At present, only about 10% of the world’s CO2-emitting power plants regularly disclose CO2 emissions through public databases. These plants are limited to the United States, European Union, Canada, India, and South Africa. Collectively, these databases disclose the specific source of about 35% of global power sector CO2 emissions. A database maintained by the International Atomic Energy Agency also discloses the electricity production of nuclear power plants worldwide. Some databases, like in the U.S., India, and South Africa, report both electricity generation and emissions. Others report only emissions. Some have corporate data, some do not. Some report the location of plants, some do not. Some are exhaustive (covering all facilities in their jurisdiction), some are not. Outside of these sources, information about plant-specific performance is fragmented, privately-held, or non-existent. In short, it’s kind of a mess.

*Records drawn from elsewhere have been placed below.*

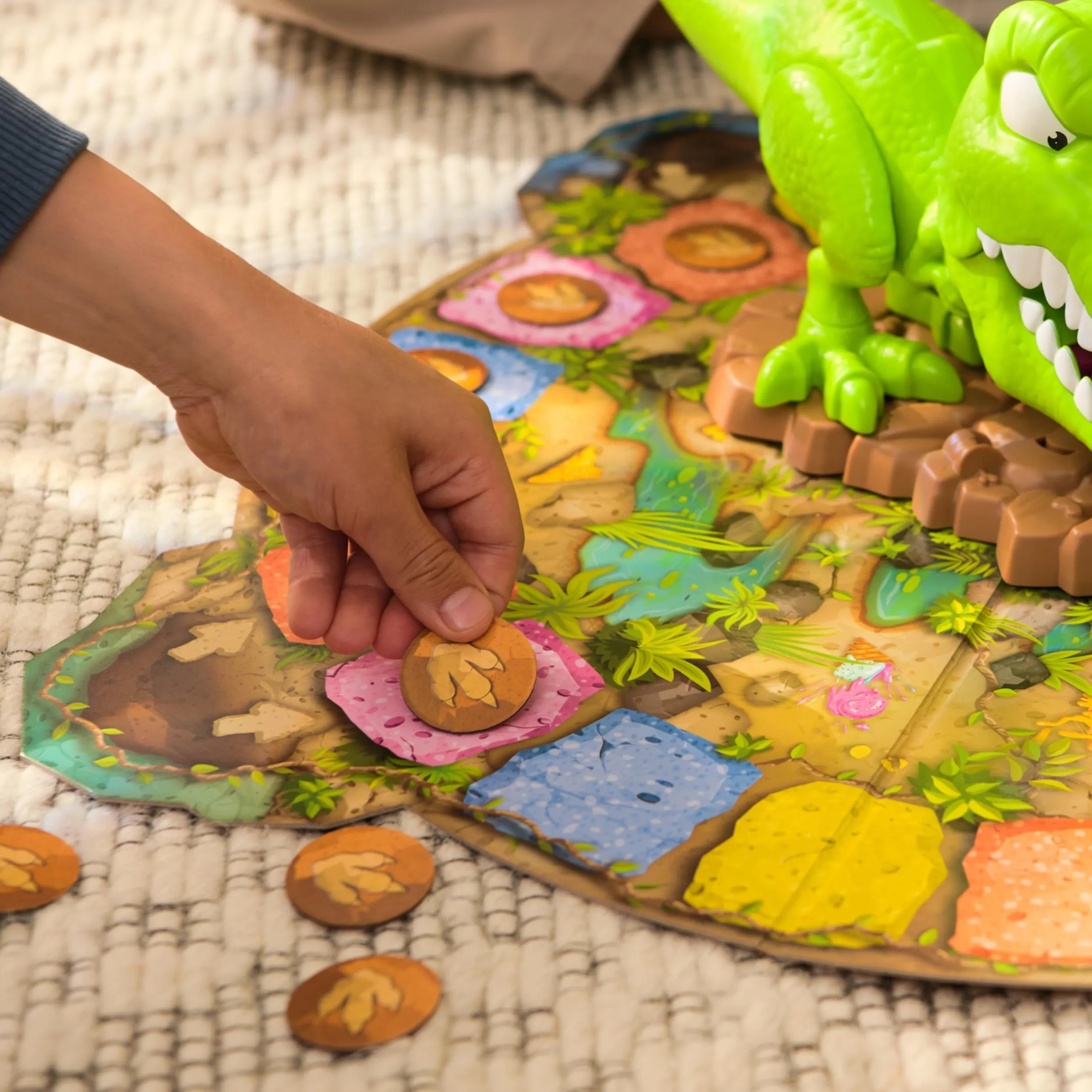 Organiziramo prapovijesni lov na zalogaje, žetone skrivamo po sobi. Zajedno vodimo dinosaura do blaga, a svako otkriće slavimo kao timski uspjeh.
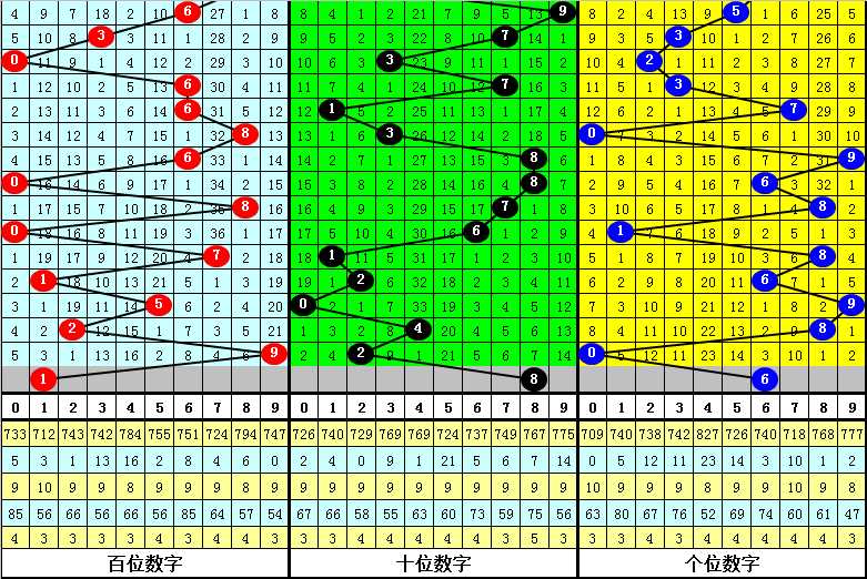 大中小分析:在组选0-9号码分布图中,前10期小 号(0-2区段)出现11枚奖号,中号(3-6区段)出现7枚奖号,大号(7-9区段)出现12枚奖号,上期中号区域没有落号,本期预计大中小区域各出1枚奖号。
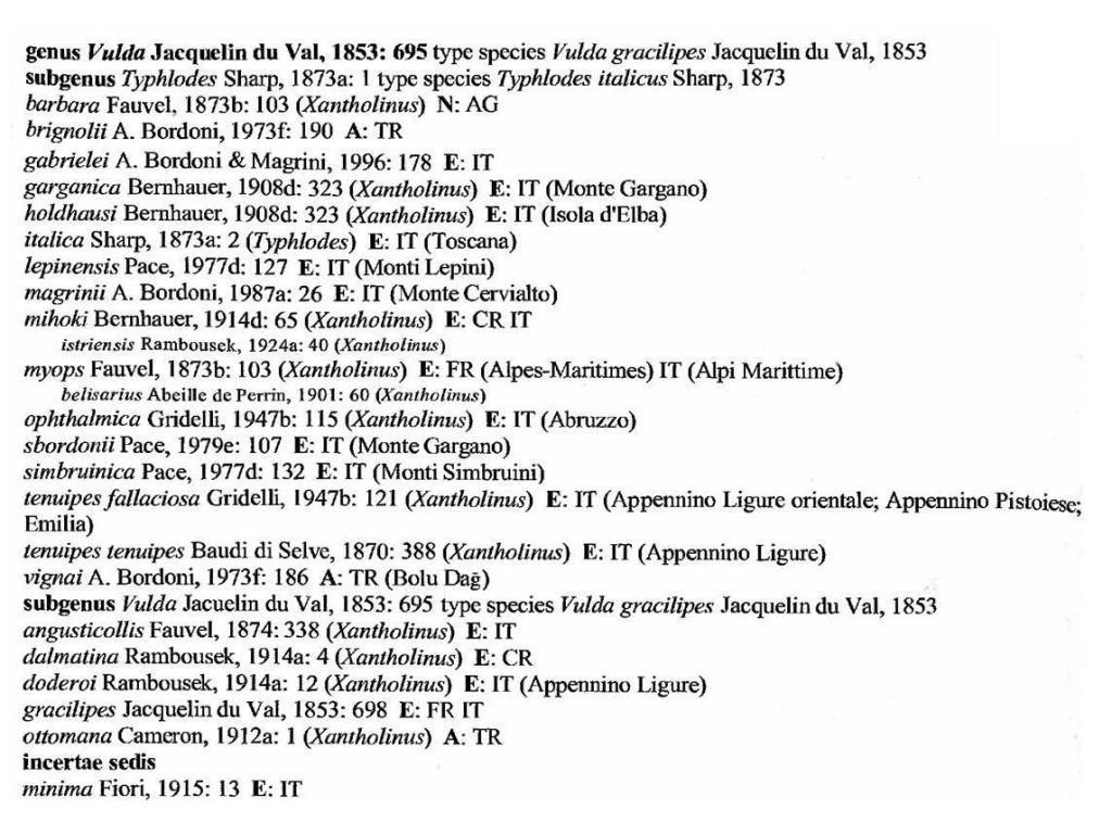 Io prenderei in considerazione anche Vulda (Typhlodes) gabrielei Bordoni & Magrini 1996, descritta del monte La Pelosa (Terni) con un paratipo del monte Subasio (Perugia). Proprio quest'ultima località non è poi così distante dal monte Cetona (...se non si parlasse di specie endogee).
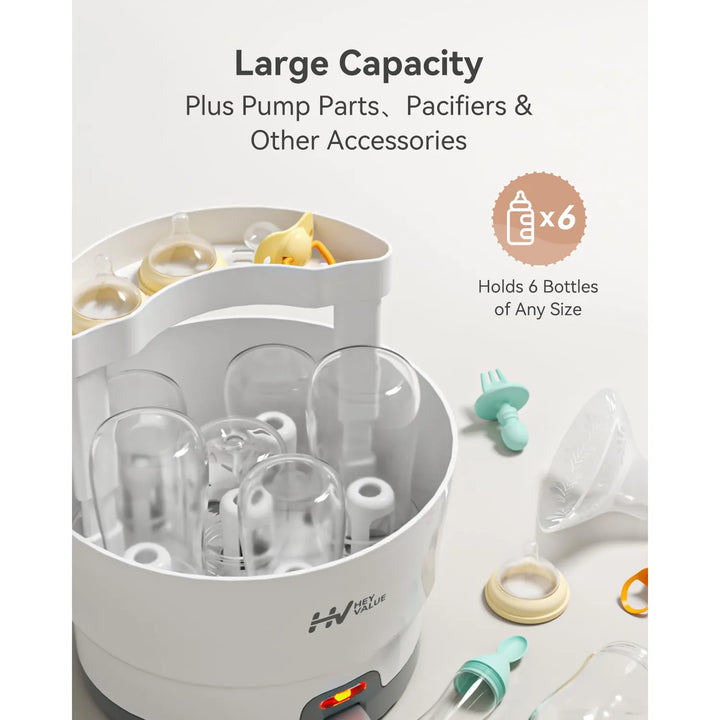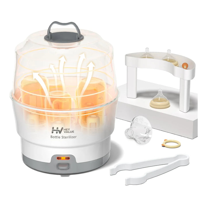 ¿Te imaginas poder esterilizar los biberones, chupetes y accesorios de tu bebé en solo 6 minutos, sin esfuerzo y con la tranquilidad de eliminar el 99.9% de las bacterias? El Esterilizador Eléctrico HEYVALUE es la solución que toda madre y padre ocupados estaban esperando. Diseñado para simplificar tu rutina, este dispositivo no solo ahorra tiempo, sino que protege lo más valioso: la salud de tu pequeño.
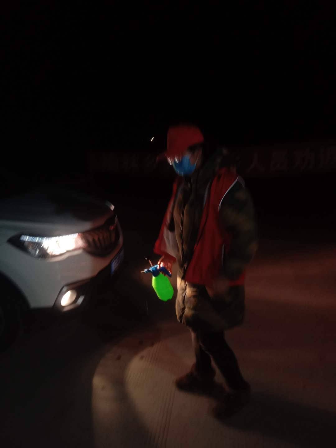 空乘1802周宇涵为拦截外来车辆消毒
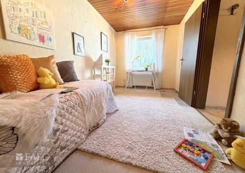 Im Obergeschoss stehen drei geräumige Schlafzimmer zur Verfügung, die flexibel genutzt werden können – sei es als Elternschlafzimmer, Kinderzimmer oder Homeoffice. Zudem gibt es hier zwei Bäder, die für ausreichend Komfort sorgen. Ein Balkon lädt zum Verweilen im Freien ein, und ein praktischer Abstellraum bietet zusätzlichen Stauraum.
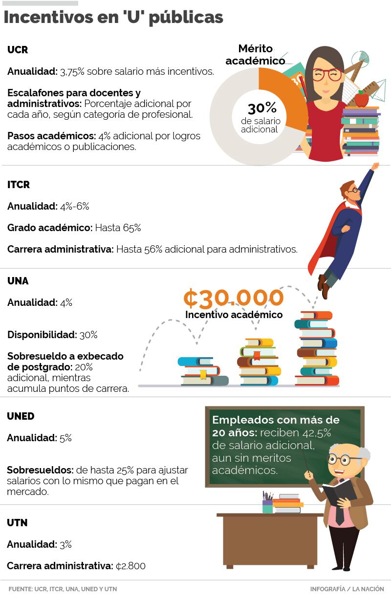 La masa salarial también se encarece por otros incentivos como los escalafones de la UCR y del ITCR que se otorgan a los empleados según su categoría o calificación. Estos incentivos reconocen la experiencia y la calidad académica.
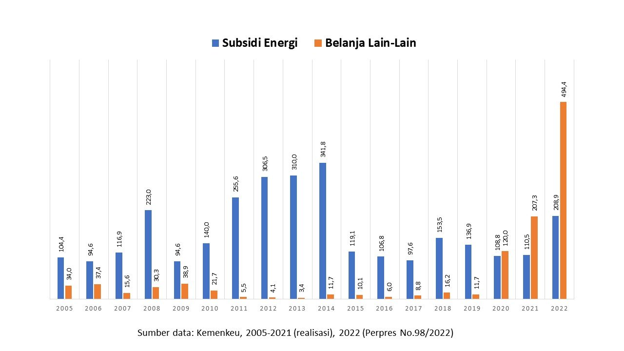 Sebagaimana disebut di atas, Perpres No.98/2022 mengalokasikan subsidi energi sebesar Rp208,9 Trilyun. Wajar jika banyak pihak yang mempertanyakan pernyataan subsidi energi, bahkan sempat disebut subsidi BBM saja, yang mencapai lebih dari Rp500 Trilyun.
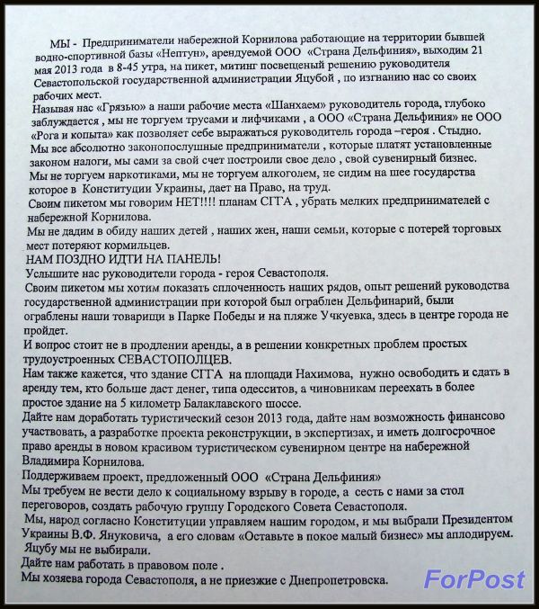 У нас по тексту шла речь, про лотки и палатки, которые никоем образом не украшают наш город. И то, что на севастопольской земле должны работать сами севастопольци.
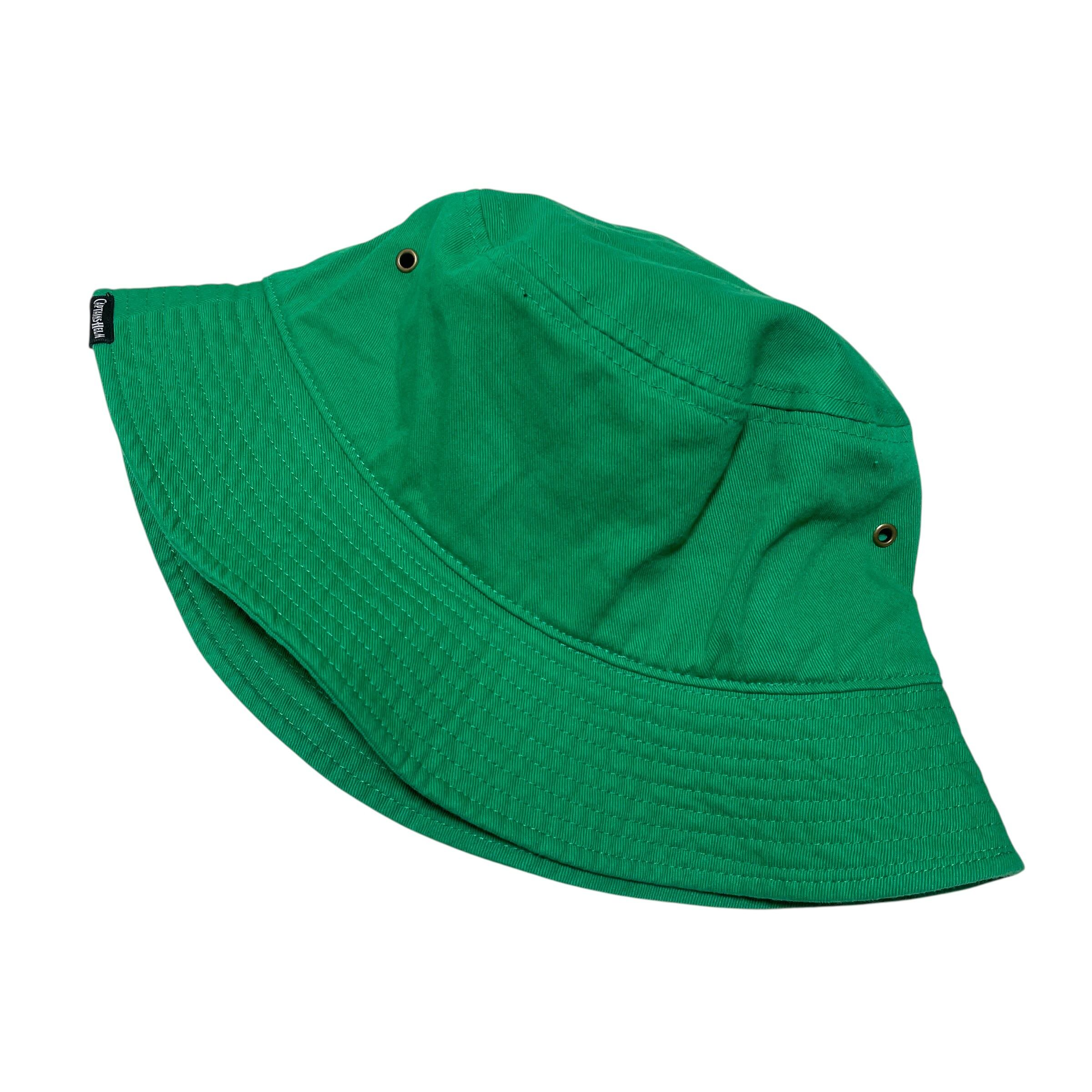 オールドイングリッシュのフォントでブランドネームがデザインされたバケットハットです。
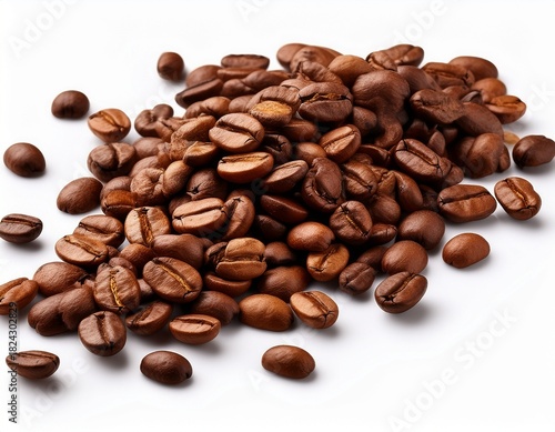 © Sophie, Fototapeta premium roasted coffee beans pile spilling from top corner isolated on white background
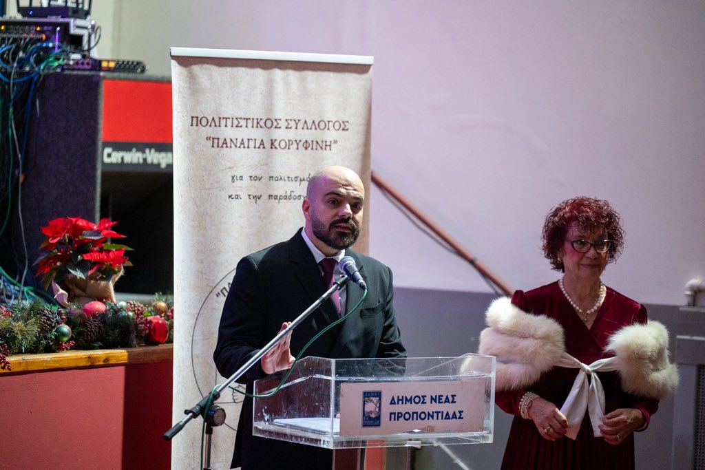 Την αυλαία της εκδήλωσης άνοιξε η Πρόεδρος του Πολιτιστικού Συλλόγου «Παναγία Κορυφινή», κα Ανδρονίκη Καβάση, καλωσορίζοντας το κοινό. Ακολούθως, χαιρετισμό απηύθυνε ο Δήμαρχος Ν. Προποντίδας, κ. Εμμανουήλ Καρράς, υπό την αιγίδα του οποίου τελούσε η βραδιά.
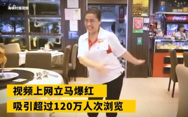 一顾客将“阿嫂”侍应生配合音乐“闻鸡起舞”上菜的视频放上网,引发网友疯传,超过120万人次浏览。视频中,可以看到一名中年女侍应生将一只鸡呈上餐桌后,就用火将鸡点燃,接着配合背景音乐手舞足蹈。
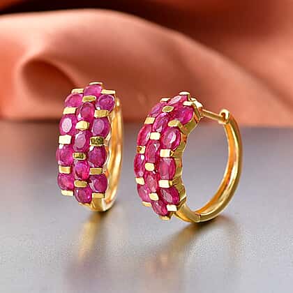 D'Joy African Ruby Full Hoop Earring in 18K Vermeil Yellow Gold Plated Sterling Silver 7.16 Ct.
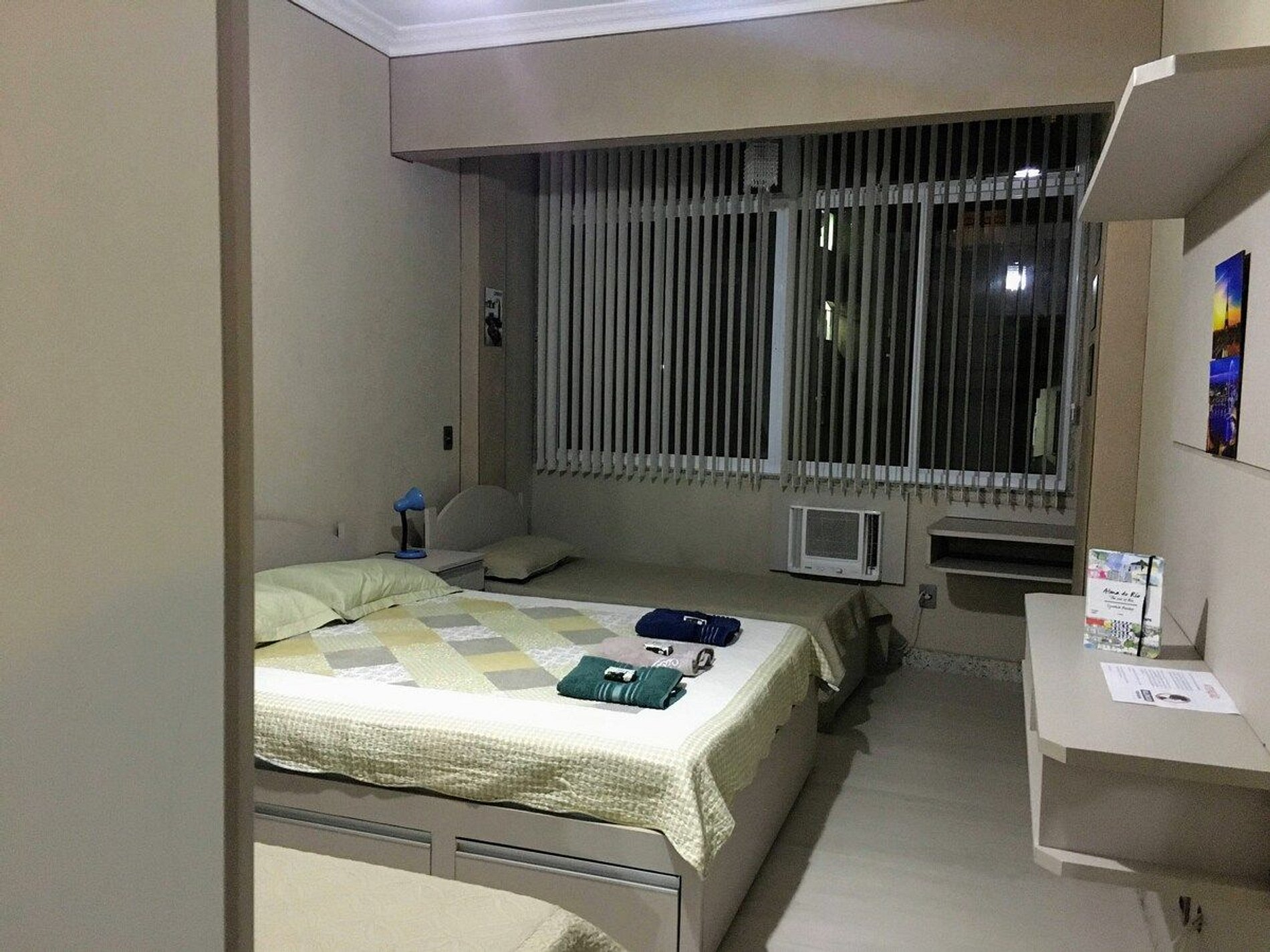 01 suíte com 01 cama de casal e 02 camas de solteiro e ar-condicionado.
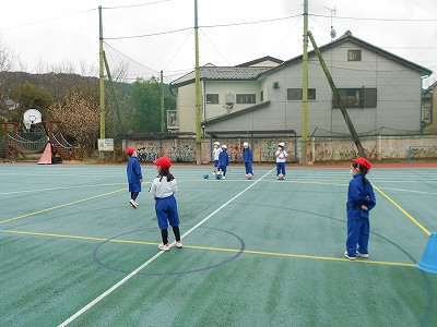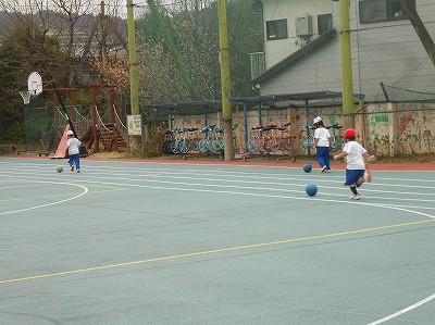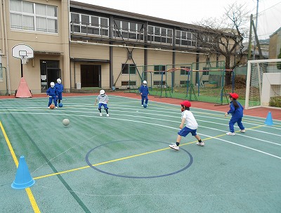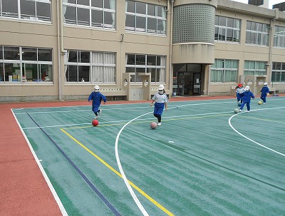 今日は「ボール蹴り」を中心に活動しました。まずは、グラウンド1周ドリブル。強く蹴りすぎないように、ボールに自分のスピードを合わせて走ります。
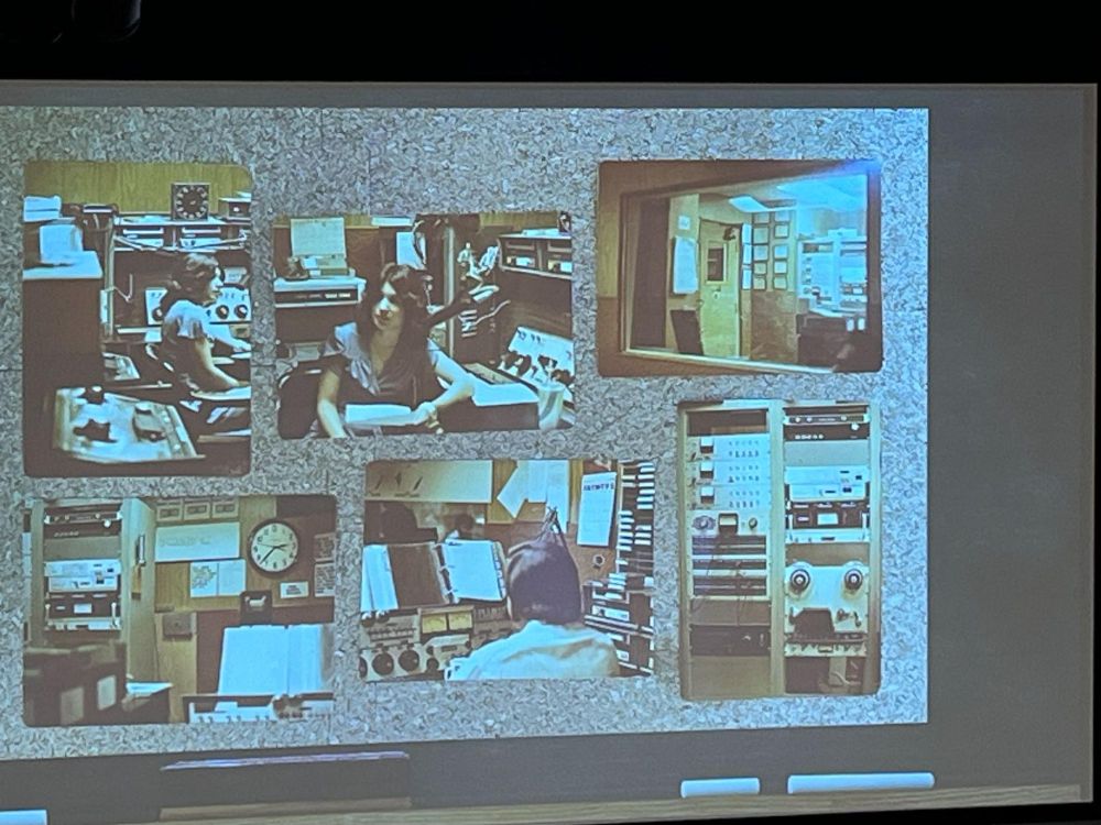 こちらが当時のミニラジオ局の写真だそうです。もう今では使われないような機械だと思います。また驚くほどの少人数で運営していたとのこと。

CARMA’s basic task is to consolidate the public data that is made available and come up with reasonable estimates for the rest. A private, commercial database maintained by Platts, Inc. provides valuable information about the location, engineering, fuel type, and ownership of effectively all of the world’s generating units (though it reveals nothing about actual generation or emissions). This database provides a basis for knowing which plants are reported publicly and which are undisclosed and in need of estimates. It also provides variables that can be used to predict the performance of a given plant.
Electricity generation and emissions for undisclosed plants are estimated using statistical models. The U.S. Department of Energy and Environmental Protection Agency publish detailed information about almost all power plants in the U.S. It is possible to process this data to determine what is happening at individual units in particular months. From this data, CARMA constructs a large, detailed dataset of unit-level, monthly performance at U.S. facilities (electricity generation, CO2 emissions, fuel type and consumption, etc.). This dataset is used to fit statistical models that predict how much electricity or CO2 a plant is likely to produce given its size, age, the various technologies and fuels in use, the nature of the electricity grid, etc. The resulting models are then applied to the global database provided by Platts, Inc. to derive estimated performance for power plants that lack publicly disclosed data.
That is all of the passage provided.